For the moment, Min Zin doesn’t look depressed. Hanging out with students from the Berkeley Journalism School, where he teaches a weekly seminar about Asian current affairs, the unassuming, soft-spoken Burman is always up for a laugh, a coffee and a conversation.
He’s the lucky one. He got away. He made it to the land of dreams.
But what is the price of such luck?
It was 10 ‘o’ clock on a crisp September night in 1988, and Rangoon was just falling asleep. The moonlight gleamed on the golden spires of the Shwedagon Pagoda, where several dozen student activists were secretly camped for the night. A teenage boy in a white T-shirt could be seen weaving door-to-door through the narrow streets, a sack slung over his back.
“Rice for the activists, please? Food for the activists?”
The men and women at the doors smiled at him in the dark. Their faces were gaunt, their hands weathered, and there were holes in the shirts. But their eyes were alight with hope. They plied the boy with bags full of basmati rice.
“Thank you, kind sir. Thank you!” the boy fervently whispered. “I promise you, you will get democracy! We’ll do it for you!” And they would smile again, bless him with prayers, and close the door.
He was young then, and perhaps he didn’t exactly know what he was talking about – what the meaning of democracy was.
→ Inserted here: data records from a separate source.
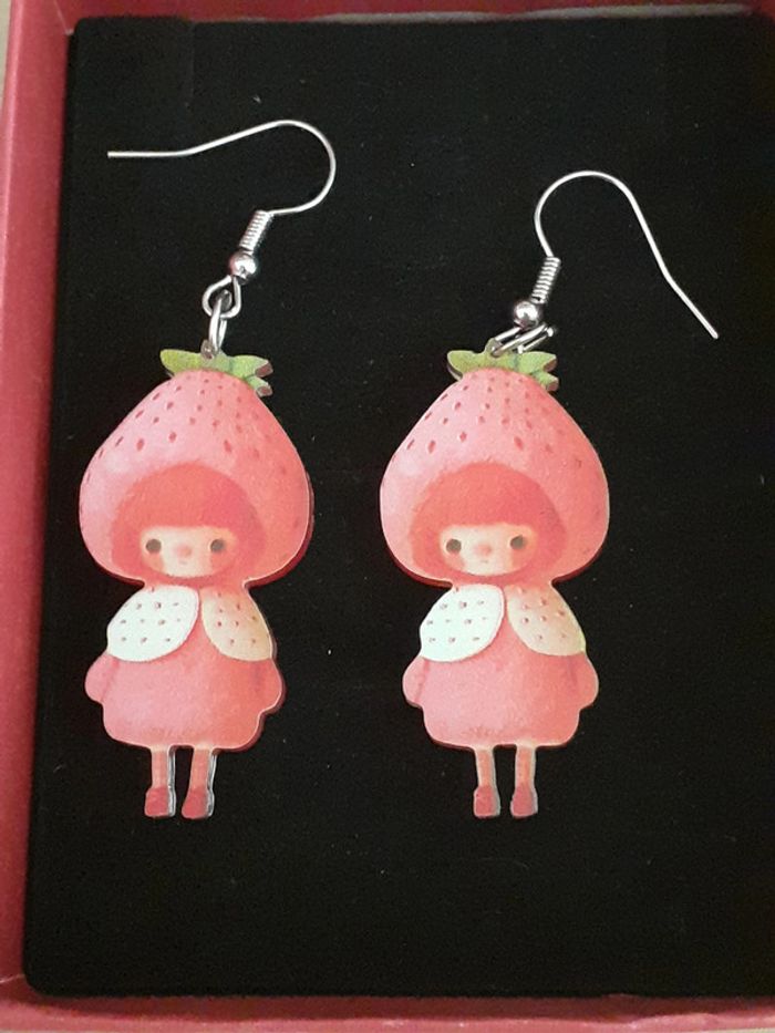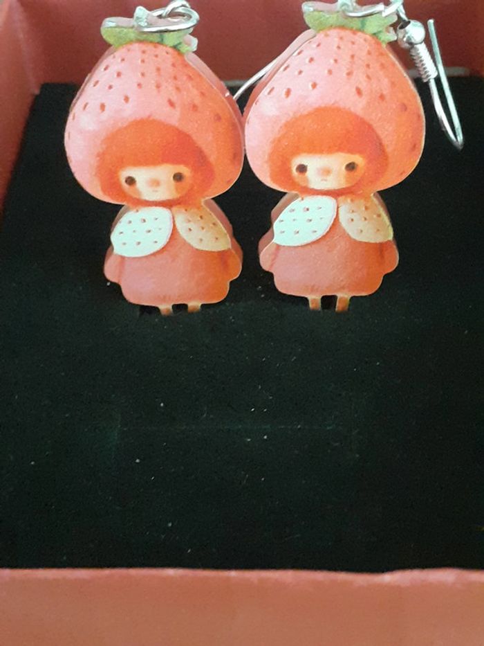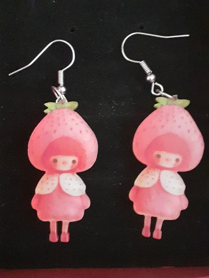 Boucle d'oreille poupée Fraise en 2D. Matière plastique dur. Mesure environ 4cm. En excellent état Envoi rapide, soigné et sécurisé.
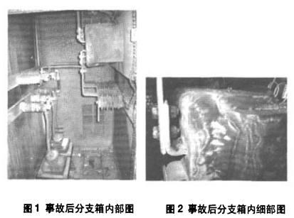 2007年7月18日某地输配电线路产生跳闸,在巡线至石板坡电缆分支箱时,发现电缆分支箱两端的开关柜俑壁产生严峻变形、601进线开关柜面板有飞弧、放电及炭黑等现象。外观上,箱体内水迹明显。外表柜门已锈死,不得不撬开,操作组织已无法翻滚、只能将其溃散后翻开关柜门。翻开#601开关柜电缆室发现:计量TⅣV的熔断器及支撑绝缘子两相全部炸碎、另一相熔断器产生割裂,支撑绝缘子产生破损,AT外表有爬电痕迹,柜体多处存在放电痕迹,如图1所示。翻开相邻间隔检查,状况相同严峻,导电部分受潮严峻,铜排及固定镖栓已长卤锈,柜体外表有多处爬电痕迹,见图2。该分支箱为某电器厂制作,2003年投运、仅3年多。
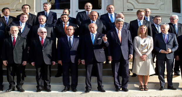تعهد المشاركون في المؤتمر الدولي حول أمن واستقرار العراق في باريس اليوم بدعم العراق في حربه ضد تنظيم “دولة العراق والشام” الإرهابي بـ “كل الوسائل الضرورية” وضمنها العسكرية بحسب البيان الختامي.
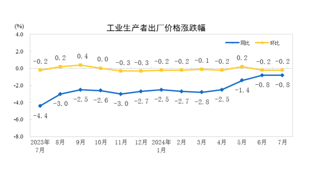 数据显示,7月份,PPI同比下降0.8%,环比下降0.2%,降幅均与上月相同。董丽娟解读认为,7月份,受市场需求不足及部分国际大宗商品价格下行等因素影响,全国PPI环比、同比降幅均与上月相同。
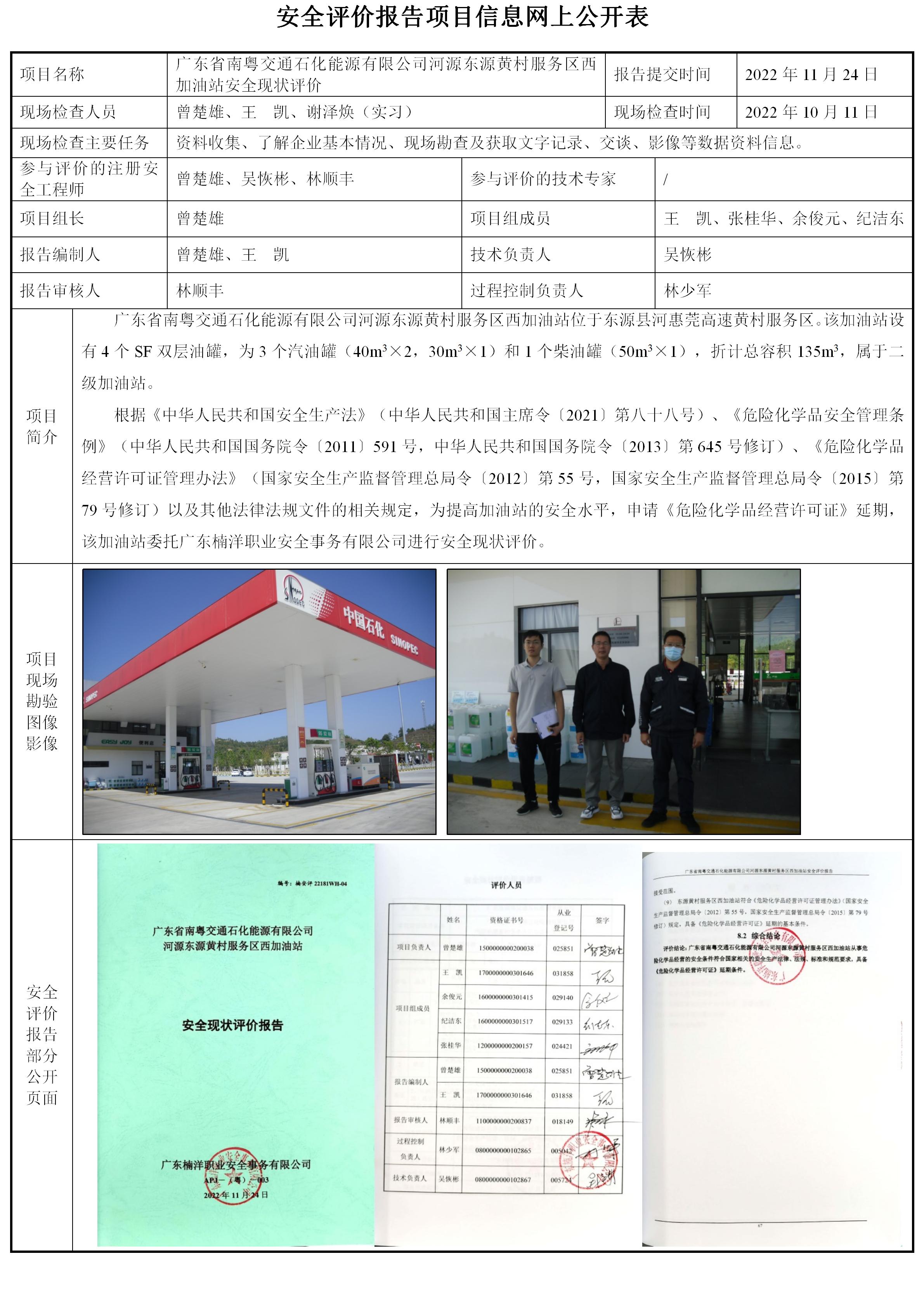 广东省南粤交通石化能源有限公司河源东源黄村服务区西加油站安全现状评价
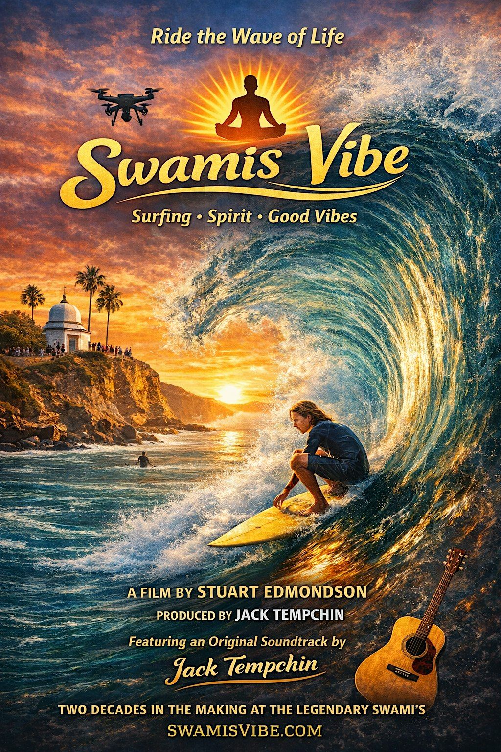 Swamis Vibe is a full-length docu-musical film celebrating the spirit, culture, and community of the iconic Swamis Reef Surf Park in Encinitas, California. Directed by Stuart Edmondson and hosted by Hall of Fame songwriter Jack Tempchin, the film blends documentary storytelling, live musical performances, and breathtaking coastal cinematography captured over more than 20 years.
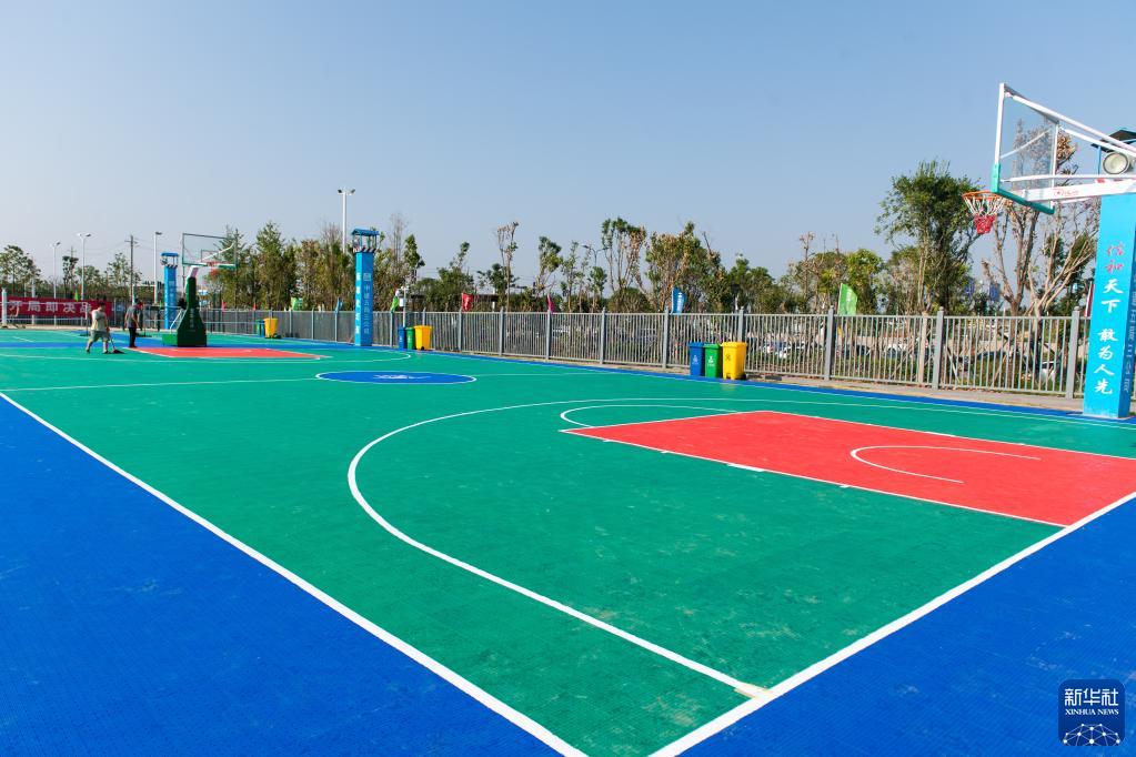 这是9月1日在长沙黄花国际机场茉莉溪空港国际社区拍摄的涉及高风险航班服务人员集中居住区的篮球场。 新华社记者 陈思汗 摄
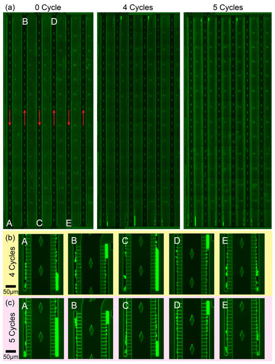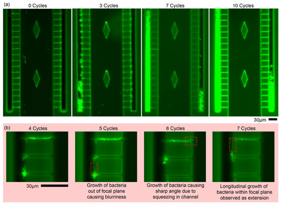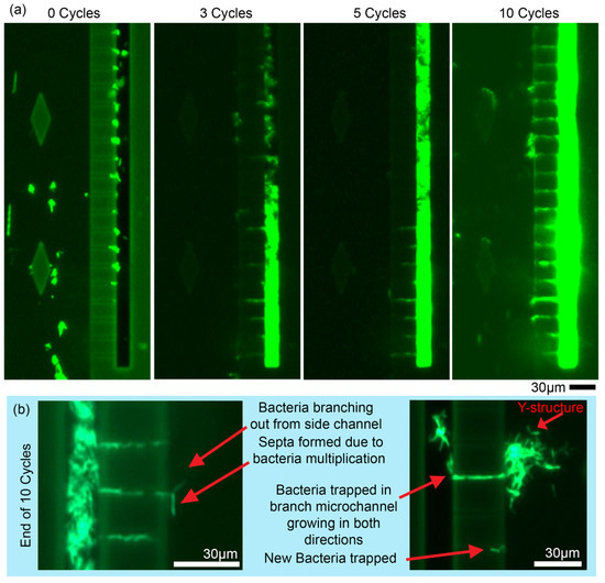 Individual microscope images were stitched together manually across the trapping region of the microfluidic device to reveal trapping patterns within a single device (see Figure 3a). At the start of the experiment (see 0 cycle in Figure 3a), bacteria were unable to be identified at this magnification as these were trapped individually within the branch microchannels. Separate experiments were carried out below to reveal trapped bacteria at a slightly higher magnification below. After leaving the device to run, observations at the end of the 4th cycle revealed that the majority of the trapped bacteria were found at the side channels before the entrance of each bend (see Figure 3b). This trapping phenomenon was in accordance with observations from simulations as given in Supplementary Materials Figure S2.
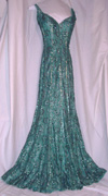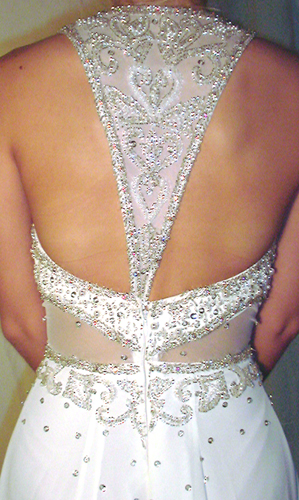 Description: White gown looks GREAT on stage! Bodice is fabric and mesh covered with silver and white liquid beading with pearl and sequence detail. The full skirt 'flows'. Unique triangle shapped back is mesh material detailed with silver beading. In good condition, needs minor repair at zipper. Padded. Fully lined.
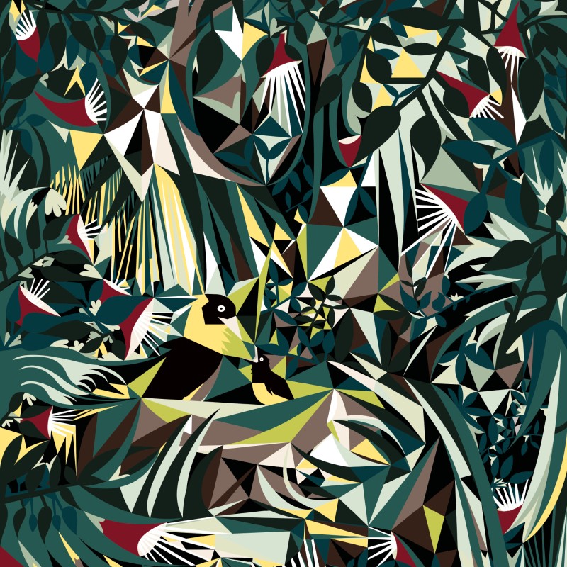 À l'ombre de son feuillage, ce papier peint dévoile une forêt luxuriante et graphique, où un oiseau a fait son nid.
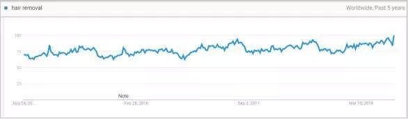脱毛产品:近5年,搜索稳步上升,老外体毛重,为了美观,大多有脱毛需求。
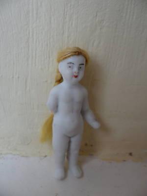 UNUSUAL ANTIQUE 2" FROZEN CHARLOTTE WITH LONG PLAIT
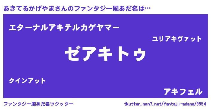 | 男性向けラノベタイトル風あだ名 | 『あきてるかげやまに滅ぼされるだけの簡単なお仕事です』 |
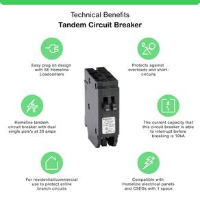 - Disjuntor tandem Homeline com polo único duplo a 20 amperes
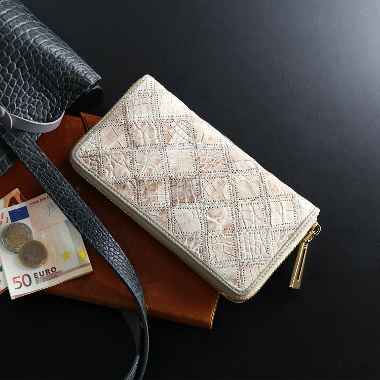 ヒマラヤ クロコダイル 長財布 レディース ラウンド ファスナー モザイク ステッチ 【ネコポスで送料無料】 本革 ゴールド 金具 ラウンド財布 レディース財布 ホワイトカラー 春財布 母の日 ギフト プレゼント
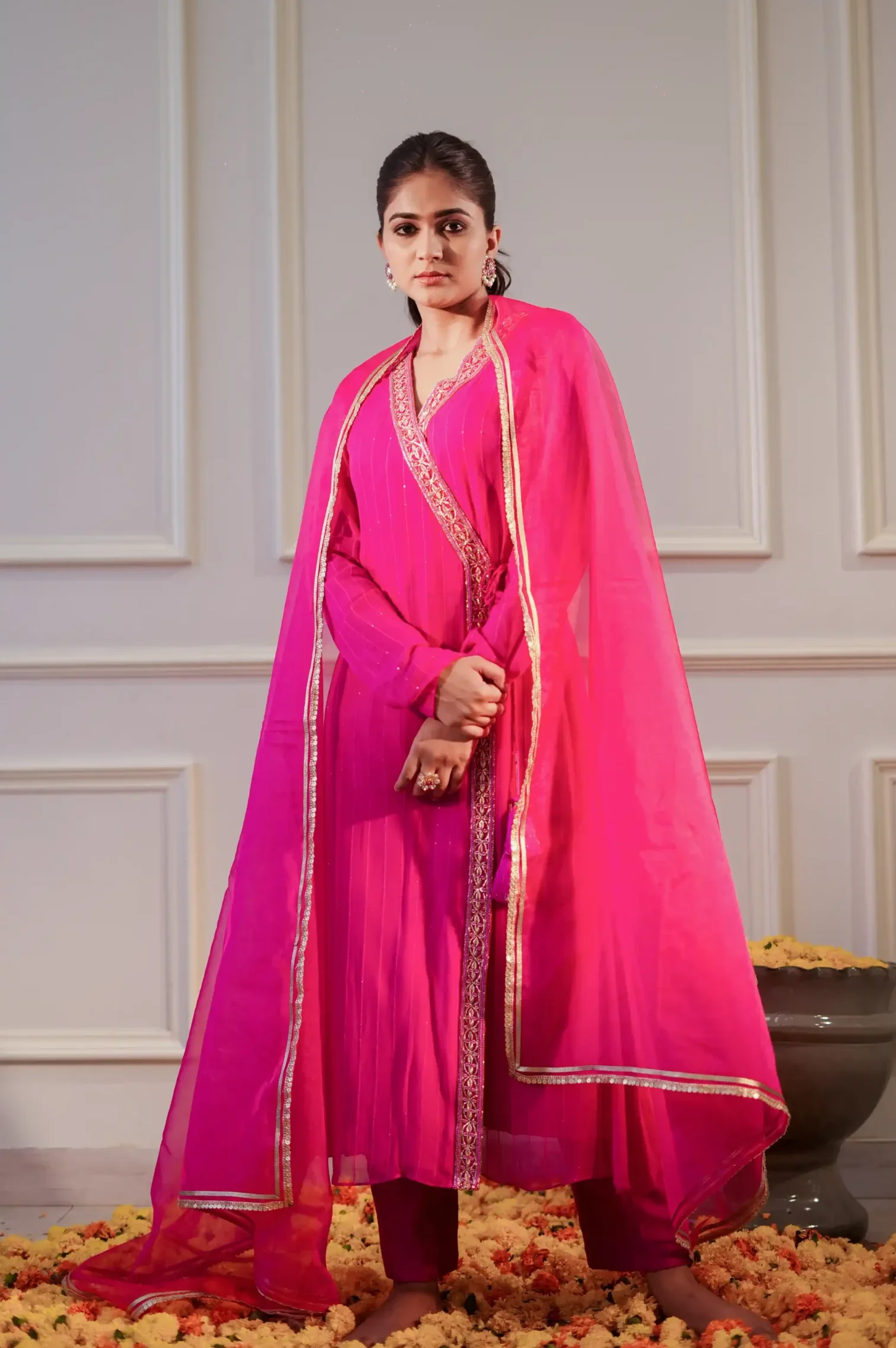 Pink Sequin Georgette Angrakha Kurta Set with Chanderi Pants and Dupatta

All he knew was that an entire population living in constant fear and deprivation, at the mercy of a handful of powerful individuals, was wrong. It had to change.
Twenty years later, his knowledge is broader, his understanding of the world much deeper. He knows it will not be clean, simple or easy to get the change Burma has craved for forty-six years. He knows it will take years, maybe decades more, of patience, hard work, and compromises.
But even now, he is preparing. He is preparing to go back. Coming to America, being at Berkeley – these were all just steps on his return journey. When he does return, it will not be as a destitute fugitive, or an illiterate rabble-rouser who was expelled from high school; not as a guilty man, a criminal, a renegade.
No, he will return properly – confident, well-spoken, highly-educated, a professional journalist, teacher and UC Berkeley graduate, and an American citizen. He will carry within himself the legacy of his father, of Aung San Suu Kyi, of Nelson Mandela, of all his heroes; and he will make a difference in Burma, not in the impetuous ways of his youth, not through megaphones and street slogans, but through the ways he has come to value and respect most in his years of exile – through journalism and education.
Because Min Zin stills owes to the people of Burma. He owes them that one bag of rice – which, for the Burmese people, is life.